The double hit of garlic butter—sizzled at the start and swirled in at the end—gives this dish its irresistible, restaurant-worthy gloss.

Tip: For extra crunch, press the rice into the skillet and let it crisp undisturbed for 1 minute before stirring.

Tuna Sushi Rice Salad

Tuna Sushi Rice Salad

This fresh, no-fuss salad combines the flavors of sushi with the ease of a toss-together meal—perfect for busy weeknights or a light lunch.

Ingredients:

  • 1 ½ cups sushi rice, rinsed and drained
  • 1 ¾ cups water
  • 3 tbsp rice vinegar
  • 1 tbsp sugar
  • 1 tsp salt
  • 1 (5 oz) can tuna in water, drained and flaked
  • 1 medium cucumber, diced
  • 1 avocado, diced
  • 2 tbsp pickled ginger, chopped
  • 1 tbsp soy sauce
  • 1 tsp sesame oil
  • 1 tbsp toasted sesame seeds

Instructions:

  1. In a saucepan, combine sushi rice and water. Bring to a boil, then reduce heat to low, cover, and simmer for 18 minutes. Remove from heat and let sit, covered, for 5 minutes.
  2. In a small bowl, whisk together rice vinegar, sugar, and 1 tsp salt until dissolved. Gently fold the mixture into the warm rice and let cool to room temperature.
  3. In a large bowl, combine cooled rice, tuna, cucumber, avocado, and pickled ginger.
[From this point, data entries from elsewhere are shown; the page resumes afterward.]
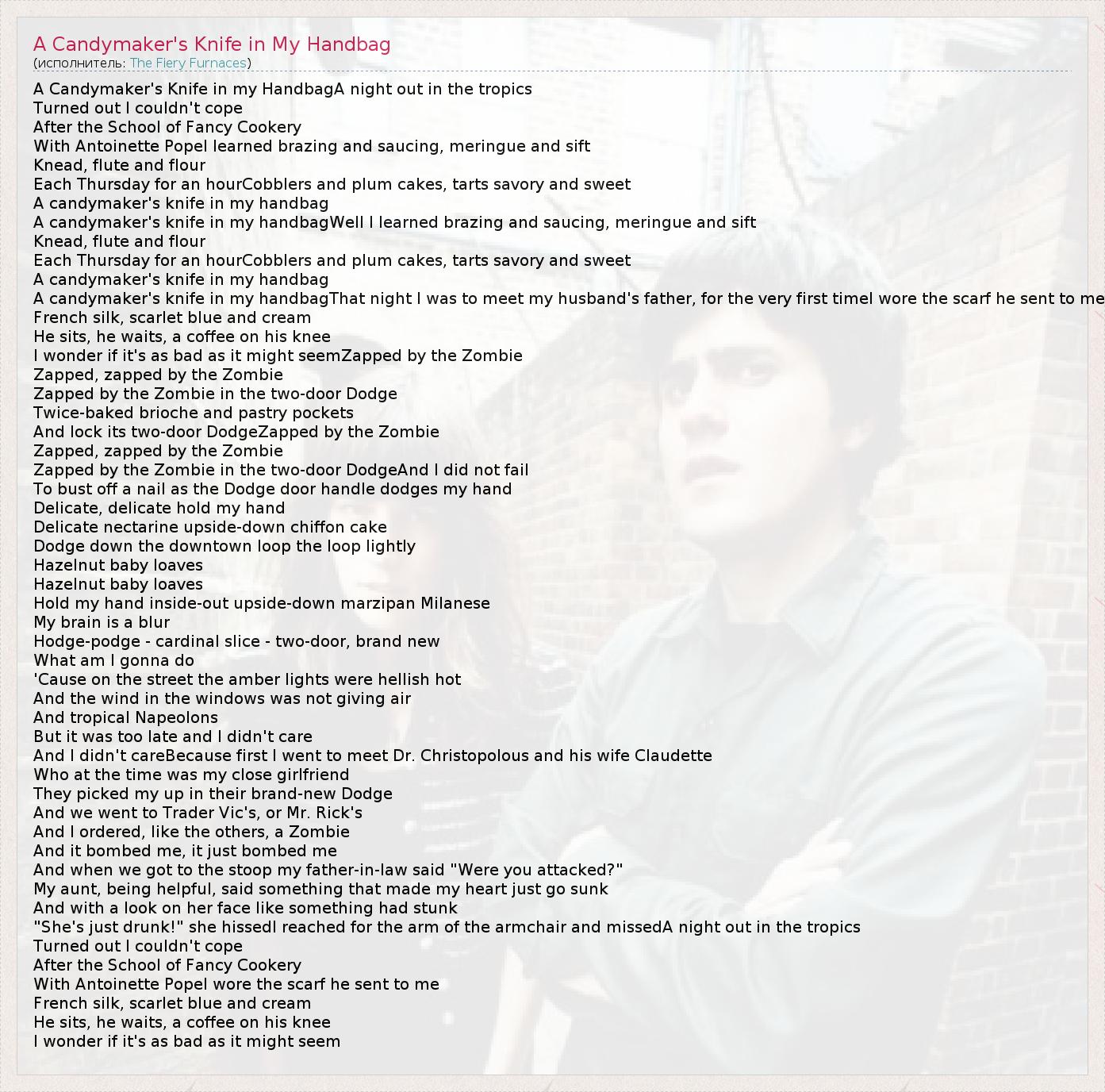 А как ты думаешь, о чем песня "A Candymaker's Knife in My Handbag" ?
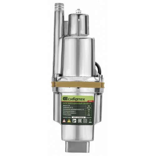 Вибрационный насос СВН300-25, верхний забор, 300 Вт, напор 75 м, 1200 л/ч, кабель 25 м СИБРТЕХ 99303
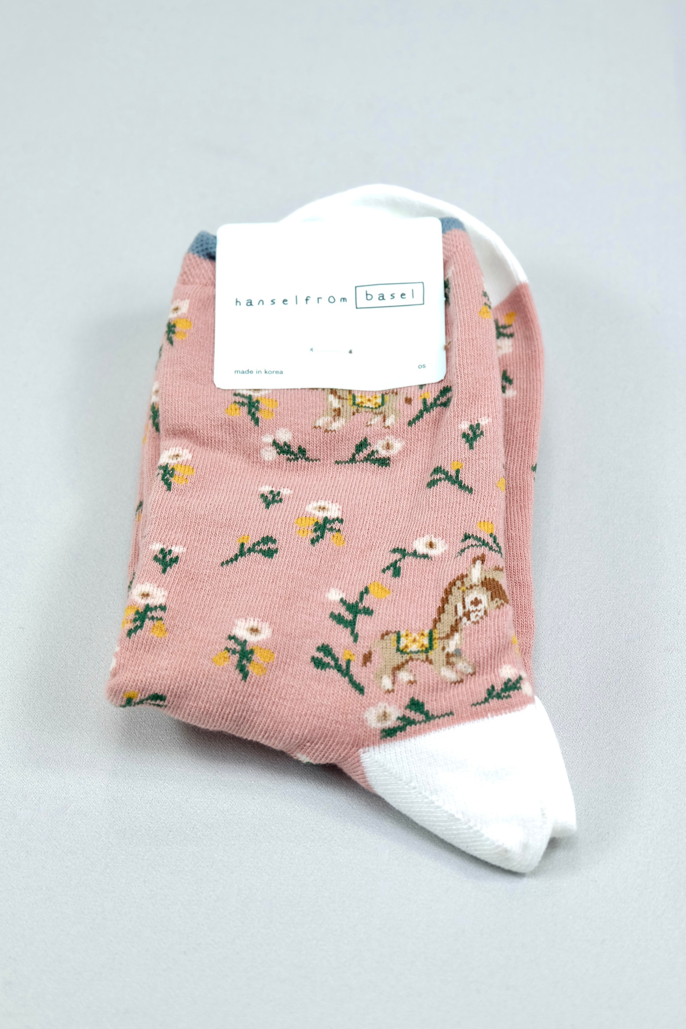Cotton blend crew sock in soft mauve pink featuring whimsical donkeys tucked amidst a sweet floral pattern

Drizzle with soy sauce and sesame oil, then toss gently to combine.
  4. Sprinkle with toasted sesame seeds just before serving.

The creamy avocado and tangy pickled ginger balance the savory tuna, while the seasoned rice ties it all together like deconstructed sushi—no rolling required!

Tip: For extra crunch, add a handful of crushed nori strips or crispy fried onions on top.

Creamy Tuna and Rice Casserole

Creamy Tuna and Rice Casserole

This creamy tuna and rice casserole is the ultimate comfort food—easy to throw together but packed with cozy, savory flavor.

  • 1 cup uncooked long-grain white rice
  • 2 (5 oz) cans tuna in water, drained
  • 1 (10.5 oz) can condensed cream of mushroom soup
  • 1 cup whole milk
  • 1 cup frozen peas, thawed
  • 1/2 cup shredded cheddar cheese
  • 1/4 cup grated Parmesan cheese
  • 1 tbsp butter, melted
  • 1/2 tsp garlic powder
  • 1/2 tsp onion powder
  • 1/4 tsp black pepper
  • 1/4 tsp salt
  1. Preheat oven to 375°F. Cook rice according to package instructions; set aside.
  2. In a large bowl, mix the cooked rice, tuna, cream of mushroom soup, 1 cup whole milk, 1 cup peas, 1/2 cup cheddar, 1/4 cup Parmesan, 1 tbsp melted butter, 1/2 tsp garlic powder, 1/2 tsp onion powder, 1/4 tsp black pepper, and 1/4 tsp salt until combined.
  3. Transfer to a greased 9×13-inch baking dish and bake for 25 minutes, or until bubbly and lightly golden on top.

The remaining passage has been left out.